Cette approche économique se complète par une approche plus sociopolitique de la production urbaine qui essaye de comprendre par qui et comment le projet urbain est mené. Ainsi, ces travaux s'appuient plus volontiers sur les apports de la sociologie des organisations (Grémion, 1976 ; Préteceille et Briquet, 1989 ; Worms, 1966) que sur les théories marxistes structuralistes des années 60 - 70 auxquelles ils reprochent d’avoir « sous-estimé les « bruits de fond » produits par le local » (Reigner, 2013, p. 19). Au-delà d’une simple opposition centre-périphérie, national-local, certains de ces travaux mettent en évidence les relations complexes qui s’établissent entre les grands opérateurs des projets. Les travaux marxistes sont considérés comme particulièrement déterministes dans leur manière d’appréhender un processus, alors que ceux issus de la sociologie des organisations envisagent le local et ses acteurs comme un espace qui ne peut se dégager du centre que grâce à un accès privilégié à celui-ci, par le cumul des mandats locaux et nationaux. Mais dans ces réflexions, les stratégies des élus et les compétitions politiques dans les projets urbains ont été particulièrement renseignées au détriment de leur relation à la société civile de ces territoires : « a été négligée

durablement l’analyse de la structuration interne du pouvoir local comme espace de compromis social avec la société locale. Ces cadres d’analyse ont perduré dans une sociologie politique, de la structuration des fiefs et de l’éligibilité des élus locaux »

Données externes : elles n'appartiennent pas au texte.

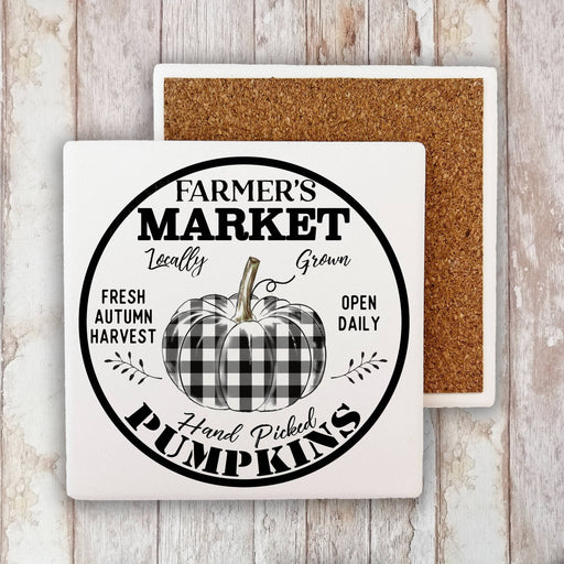 Fall Autumn Farmer Plaid Pumpkin Stone Coaster

(Reigner, 2013, p. 20). L’évolution du capitalisme avec la transformation de systèmes productifs, la décentralisation et l’intercommunalité, le « desserrement du verrou de l’État » (Le Galès, 1999) contribuent au développement des villes au-delà de simples logiques de compétitivité. Cette attention pour les élites s’appuie sur les travaux de Clarence Stone (1987) qui, dès les années 80, souligne les limites des approches centrées sur le « qui gouverne » pour comprendre les finalités de l’action publique. Ils s’intéressent, dans le contexte de l’Amérique reaganienne, aux coalitions gouvernantes qui incluent les autorités locales élues mais aussi les hommes d’affaires et les représentants du mouvement associatif pour l’orientation des politiques publiques urbaines.

C’est dans cette perspective que se développent les travaux sur la « gouvernance urbaine »54 fondés sur l'idée de « retour des villes européennes » (Kazepov, 2005 ; Le Gales, 2003). Ls systèmes de gouvernance doivent laisser une place importante aux réseaux horizontaux que l’on peut observer entre les acteurs locaux (Pinson, 2009). Cette approche se focalise principalement sur des exemples de projet urbains dans des grandes villes telles que Bilbao, San Sebastian (Chadoin, Godier et Tapie, 2000) ; Marseille Nantes, Venise, Turin, Manchester (Pinson, 2006) ; ou Toulouse (Estèbe et Jaillet, 1999). Sont mis en évidence, la perte d'autorité de l’État sur les modalités de transformation des territoires, l’éclatement institutionnel et administratif du pouvoir d'aménager et de construire ; le processus de fragmentation des sociétés accompagnant une diversification des modes de vie, des intérêts et des aspirations mènent à la substitution d’un « gouvernement des territoires » à une « gouvernance urbaine » qui suggère un pouvoir partagé entre une pluralité d’acteurs publics, privés et associatifs (Arab, 2004 ; Thomas, 2002). Le projet urbain apparait ainsi comme « l’occasion

de la constitution de système d’acteurs (publics ou privés stabilisés), capables de doter la ville d’une capacité d’action déployée dans une pluralité de secteurs » (Pinson, 2000, p. 133).

L’approche du projet urbain par la gouvernance met donc en évidence la façon dont le projet urbain est gouverné et permet de gouverner. Elle souligne l’aspect politique du projet urbain et décrit ses relations entre l’élu et des parties prenantes, sans toutefois mentionner l’habitant comme en faisant partie. Une troisième catégorie d’approche des recherches sur le projet urbain, appréhende le projet sous un angle davantage opérationnel en s’intéressant à son ingénierie.